##### Information shown #####
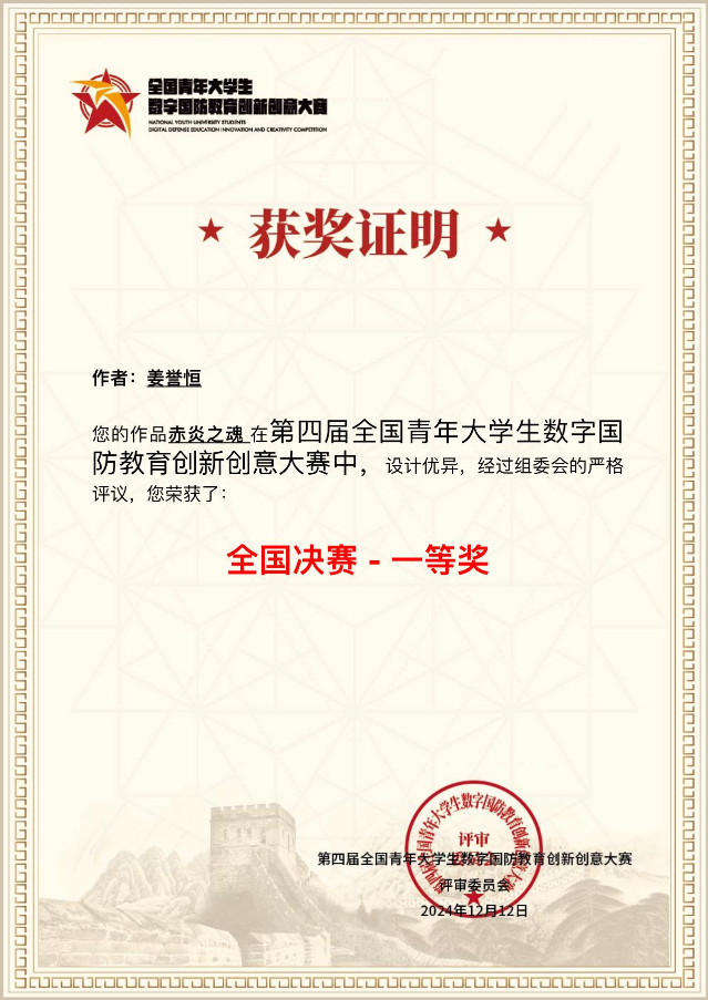 近日,第四届全国青年大学生数字国防教育创新创意大赛在北京圆满落幕。beat365信息工程系视觉传达设计专业学生姜誉恒等12人荣获国赛等级奖,29人荣获省赛等级奖。本届全国青年大学生数字国防教育创新创意大赛,由国家一级协会中国信息协会主办,中国信息协会经济与国防协调发展专业委员会承办,旨在深化全民数字国防教育,推动全民国防教育的创新发展。此次大赛吸引了众多高校参与,beat365作为参赛单位之一,从筹备到组建参赛队伍,...
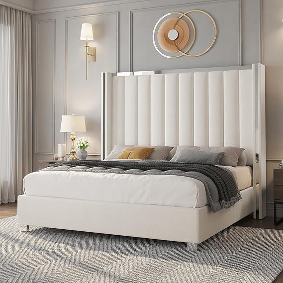 - Elegant 58" Tall Headboard: Soft velvet upholstered bed with channel tufted wingback design and stylish galvanized strip trim makes this a standout piece in any bedroom
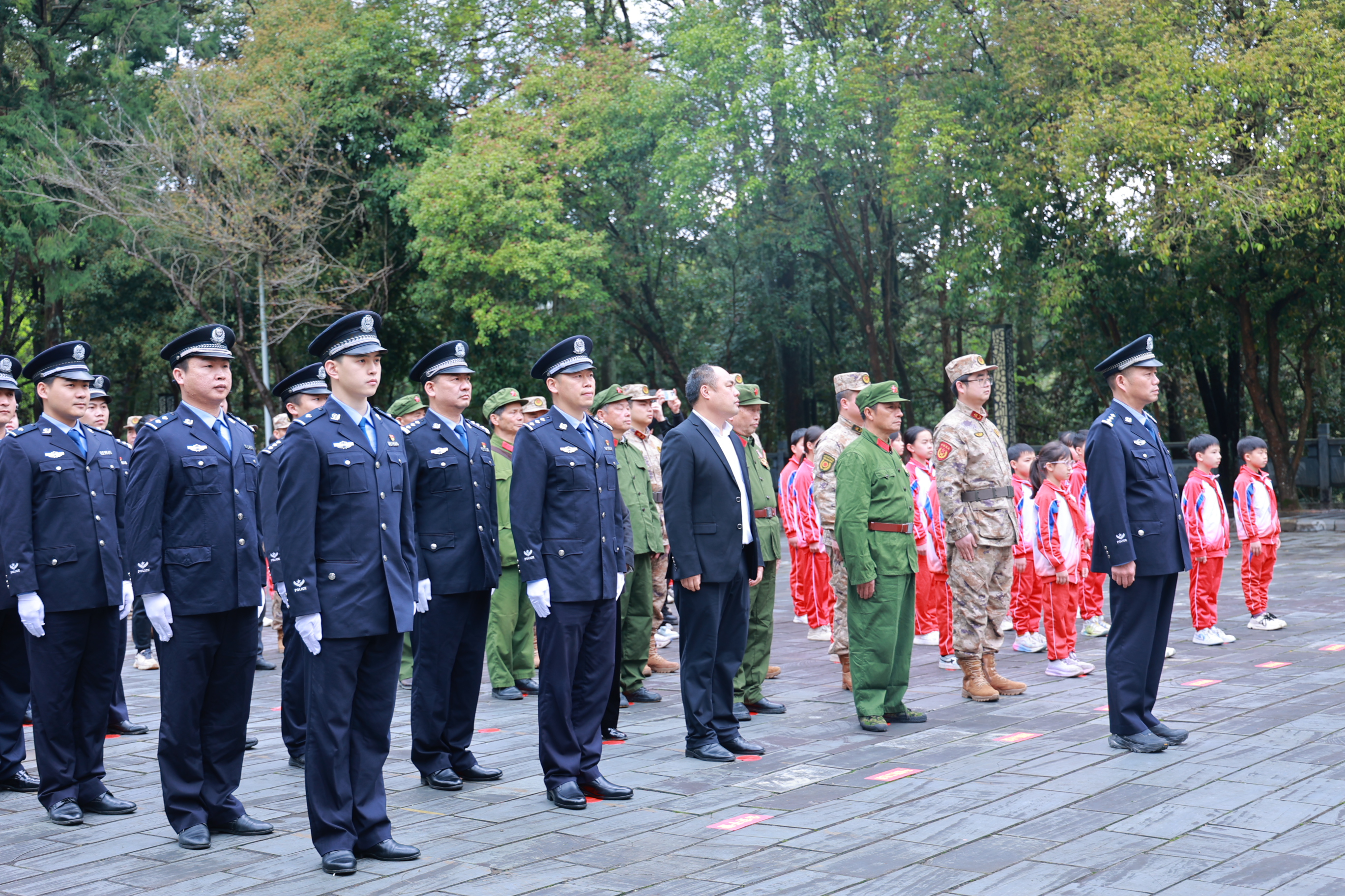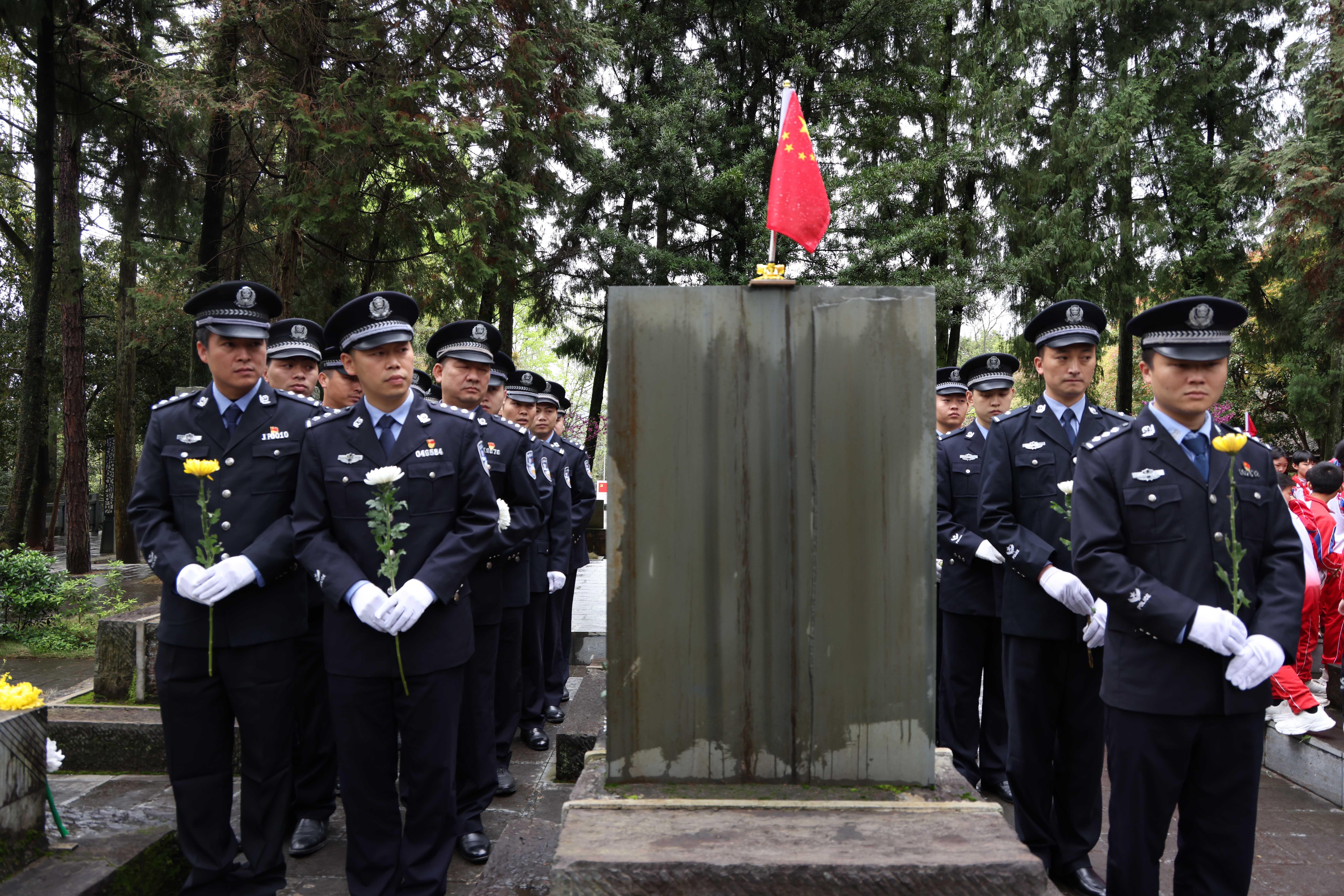 活动中,全体人员列队整齐,集体默哀,向英雄烈士行三鞠躬礼,表达对先烈的无限追思与崇高敬意。民辅警警容严整,迈着铿锵有力的步伐,向革命烈士纪念碑敬献了花篮,寄托对英烈的无限追思。
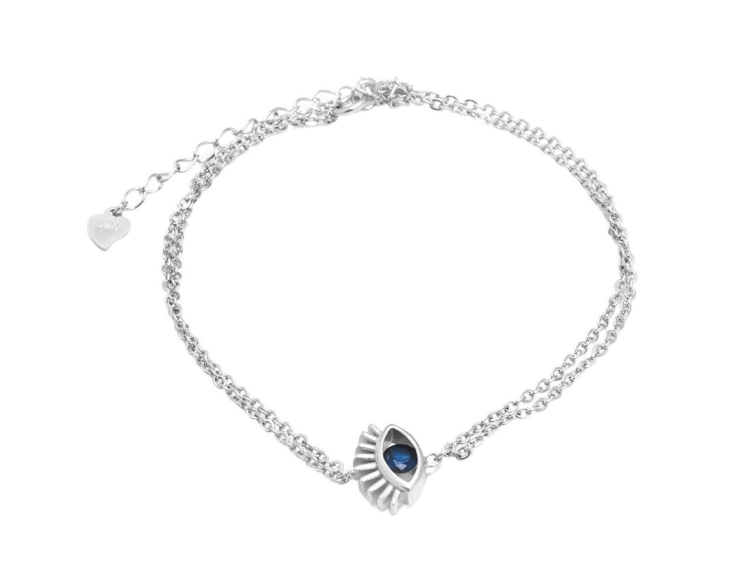 צמיד טבעת עין משובץ בזירקון כחול מכסף 925 טהור לאישה. הצמיד משובץ בזירקון AAAA בחיתוך יהלום. מצופה ברודיום להגנה מפני התחמצנות ושריטות. המוצר מגיע באריזת מתנה ממותגת ומהודרת! חצי שנה אחריות.
#####
● **What to produce**: Could you retype every line above exactly as it appears, skipping the pictures?

● **Result below**:
 近日,第四届全国青年大学生数字国防教育创新创意大赛在北京圆满落幕。beat365信息工程系视觉传达设计专业学生姜誉恒等12人荣获国赛等级奖,29人荣获省赛等级奖。本届全国青年大学生数字国防教育创新创意大赛,由国家一级协会中国信息协会主办,中国信息协会经济与国防协调发展专业委员会承办,旨在深化全民数字国防教育,推动全民国防教育的创新发展。此次大赛吸引了众多高校参与,beat365作为参赛单位之一,从筹备到组建参赛队伍,...
 - Elegant 58" Tall Headboard: Soft velvet upholstered bed with channel tufted wingback design and stylish galvanized strip trim makes this a standout piece in any bedroom
 活动中,全体人员列队整齐,集体默哀,向英雄烈士行三鞠躬礼,表达对先烈的无限追思与崇高敬意。民辅警警容严整,迈着铿锵有力的步伐,向革命烈士纪念碑敬献了花篮,寄托对英烈的无限追思。
 צמיד טבעת עין משובץ בזירקון כחול מכסף 925 טהור לאישה. הצמיד משובץ בזירקון AAAA בחיתוך יהלום. מצופה ברודיום להגנה מפני התחמצנות ושריטות. המוצר מגיע באריזת מתנה ממותגת ומהודרת! חצי שנה אחריות.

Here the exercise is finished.